**INFORMATION PROVIDED:**
# # #
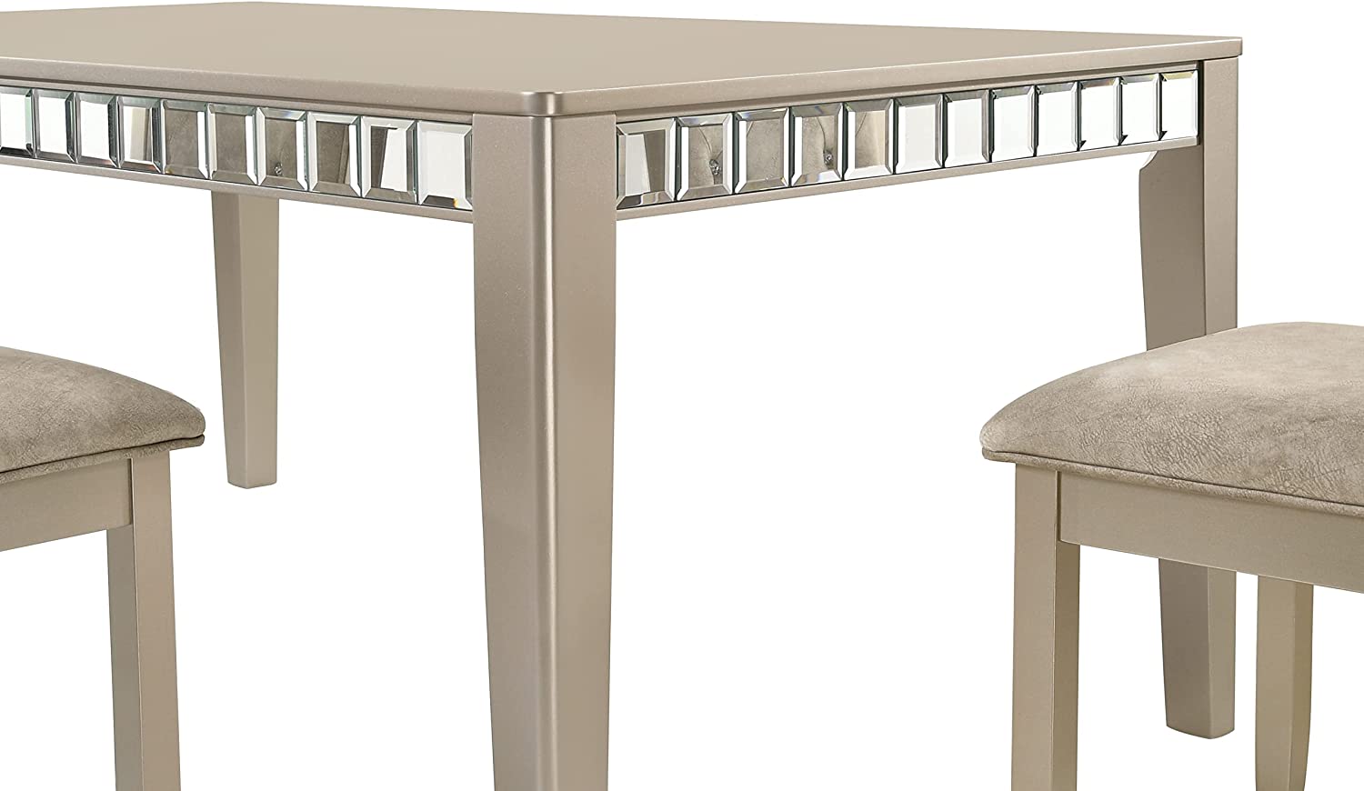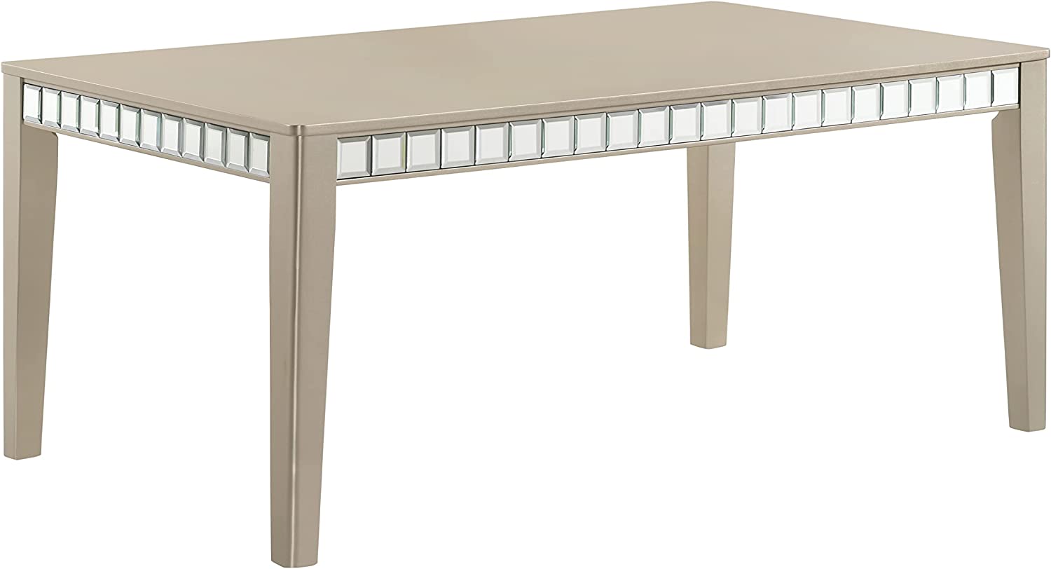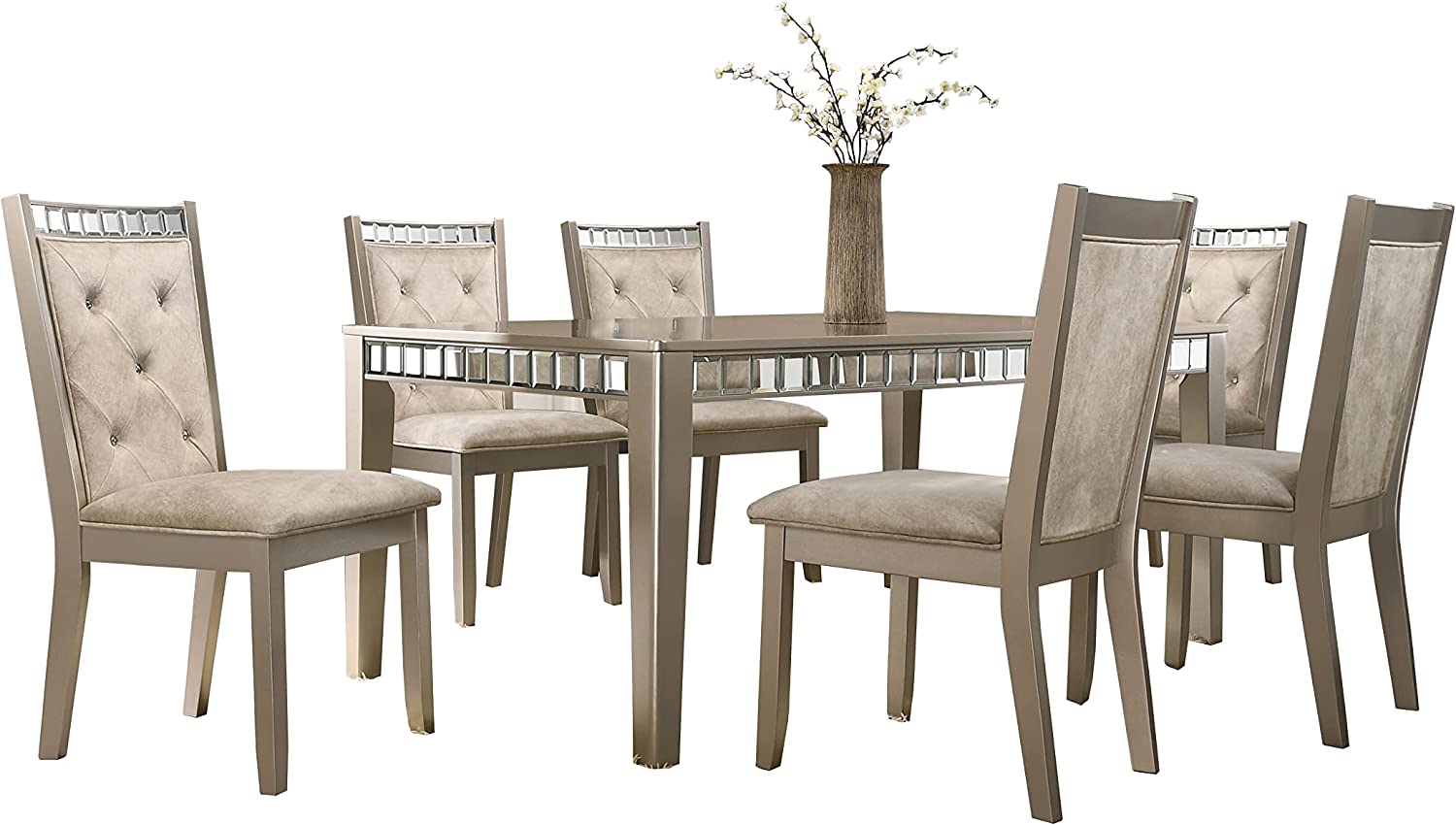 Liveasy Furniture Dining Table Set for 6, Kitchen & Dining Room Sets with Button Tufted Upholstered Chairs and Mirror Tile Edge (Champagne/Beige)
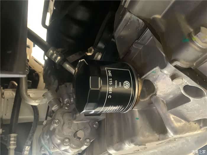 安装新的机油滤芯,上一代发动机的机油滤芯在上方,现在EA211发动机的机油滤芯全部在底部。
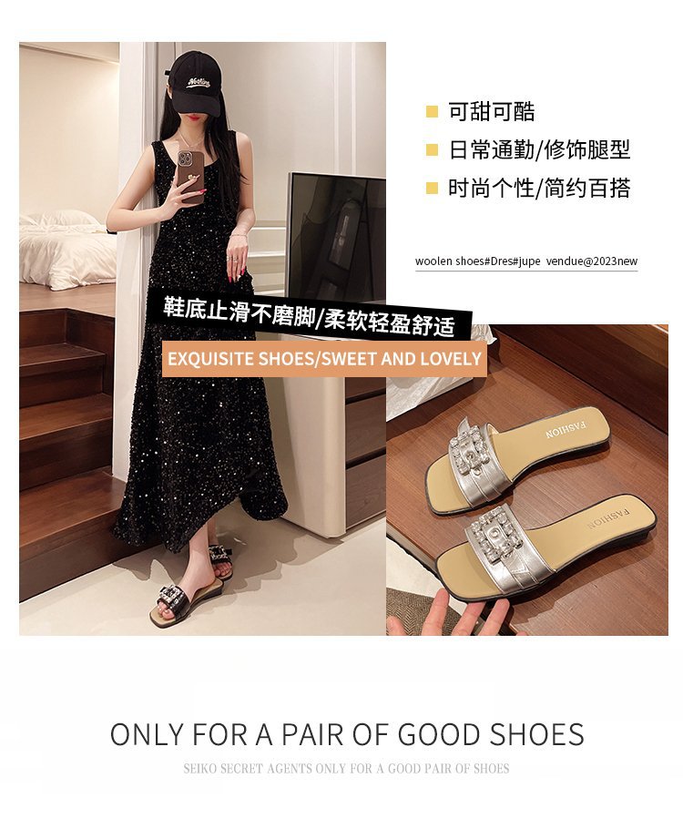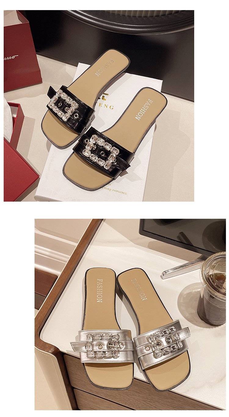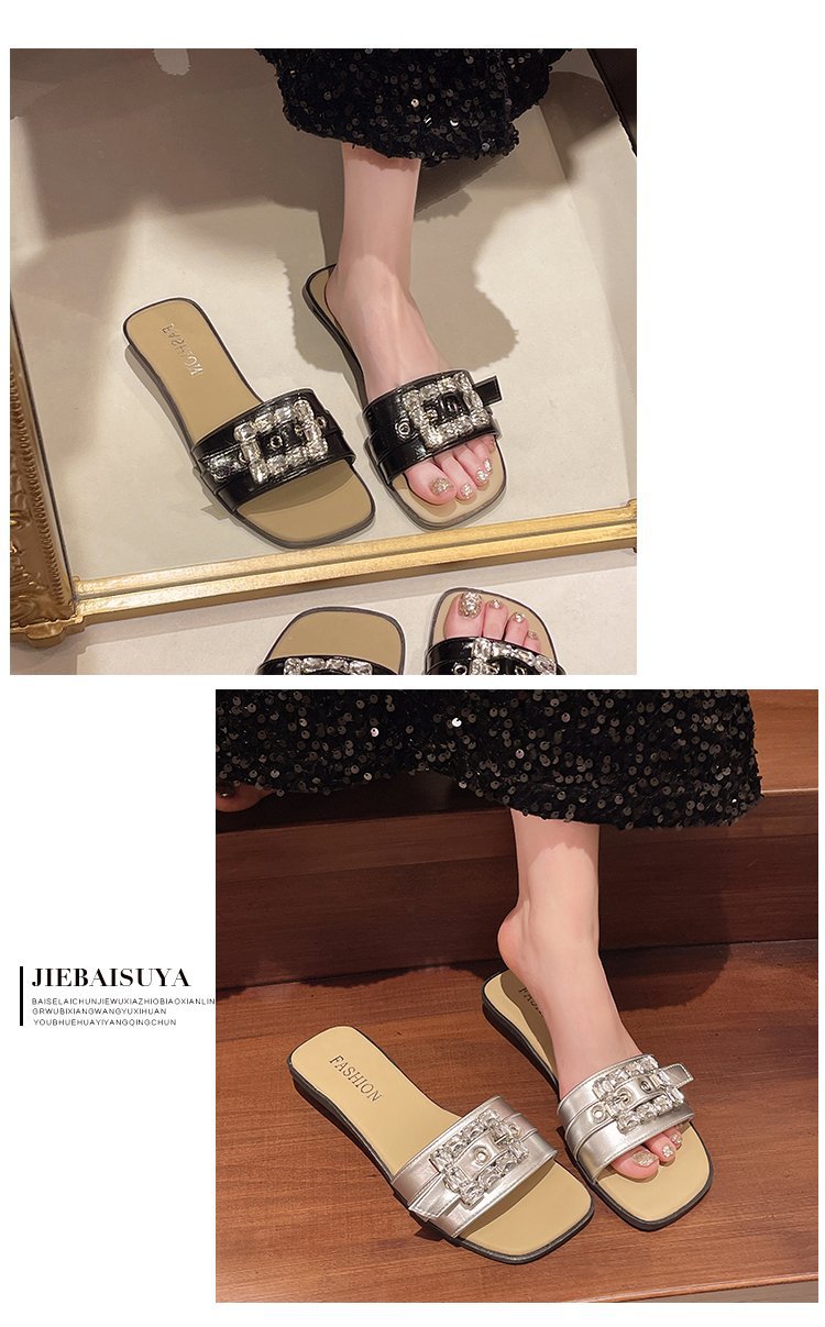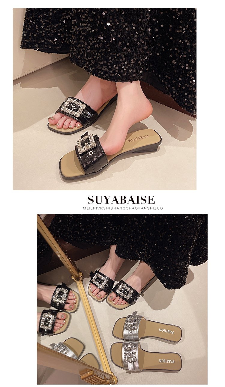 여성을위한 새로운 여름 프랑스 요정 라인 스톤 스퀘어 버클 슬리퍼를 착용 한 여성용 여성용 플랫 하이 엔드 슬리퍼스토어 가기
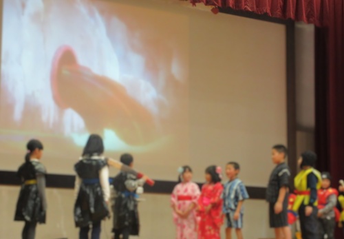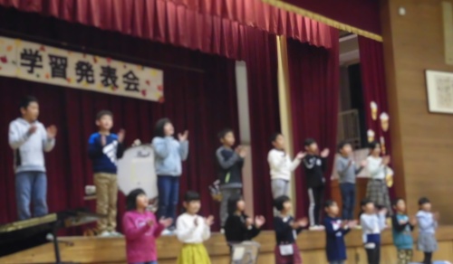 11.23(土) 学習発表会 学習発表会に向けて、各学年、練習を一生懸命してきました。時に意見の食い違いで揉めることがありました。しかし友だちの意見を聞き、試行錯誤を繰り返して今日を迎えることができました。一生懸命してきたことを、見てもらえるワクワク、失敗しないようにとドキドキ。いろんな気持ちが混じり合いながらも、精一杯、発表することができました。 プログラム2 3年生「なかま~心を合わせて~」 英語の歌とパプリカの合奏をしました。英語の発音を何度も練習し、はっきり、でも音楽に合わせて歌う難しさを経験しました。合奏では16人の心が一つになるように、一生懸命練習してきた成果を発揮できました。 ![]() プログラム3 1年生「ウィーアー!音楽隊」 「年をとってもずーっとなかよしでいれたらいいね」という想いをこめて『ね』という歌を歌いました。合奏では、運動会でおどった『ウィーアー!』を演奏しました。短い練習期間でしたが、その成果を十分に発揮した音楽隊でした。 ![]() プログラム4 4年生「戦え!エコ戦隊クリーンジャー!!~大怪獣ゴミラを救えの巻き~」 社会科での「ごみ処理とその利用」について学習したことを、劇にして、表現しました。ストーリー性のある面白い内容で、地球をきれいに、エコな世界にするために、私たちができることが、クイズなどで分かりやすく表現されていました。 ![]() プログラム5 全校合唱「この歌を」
# # #
**EXERCISE REQUIREMENTS:** Each line of the material needs to be given again exactly, without any of its pictures.

**EXERCISE RESPONSE:**
 Liveasy Furniture Dining Table Set for 6, Kitchen & Dining Room Sets with Button Tufted Upholstered Chairs and Mirror Tile Edge (Champagne/Beige)
 安装新的机油滤芯,上一代发动机的机油滤芯在上方,现在EA211发动机的机油滤芯全部在底部。
 여성을위한 새로운 여름 프랑스 요정 라인 스톤 스퀘어 버클 슬리퍼를 착용 한 여성용 여성용 플랫 하이 엔드 슬리퍼스토어 가기
 11.23(土) 学習発表会 学習発表会に向けて、各学年、練習を一生懸命してきました。時に意見の食い違いで揉めることがありました。しかし友だちの意見を聞き、試行錯誤を繰り返して今日を迎えることができました。一生懸命してきたことを、見てもらえるワクワク、失敗しないようにとドキドキ。いろんな気持ちが混じり合いながらも、精一杯、発表することができました。 プログラム2 3年生「なかま~心を合わせて~」 英語の歌とパプリカの合奏をしました。英語の発音を何度も練習し、はっきり、でも音楽に合わせて歌う難しさを経験しました。合奏では16人の心が一つになるように、一生懸命練習してきた成果を発揮できました。 ![]() プログラム3 1年生「ウィーアー!音楽隊」 「年をとってもずーっとなかよしでいれたらいいね」という想いをこめて『ね』という歌を歌いました。合奏では、運動会でおどった『ウィーアー!』を演奏しました。短い練習期間でしたが、その成果を十分に発揮した音楽隊でした。 ![]() プログラム4 4年生「戦え!エコ戦隊クリーンジャー!!~大怪獣ゴミラを救えの巻き~」 社会科での「ごみ処理とその利用」について学習したことを、劇にして、表現しました。ストーリー性のある面白い内容で、地球をきれいに、エコな世界にするために、私たちができることが、クイズなどで分かりやすく表現されていました。 ![]() プログラム5 全校合唱「この歌を」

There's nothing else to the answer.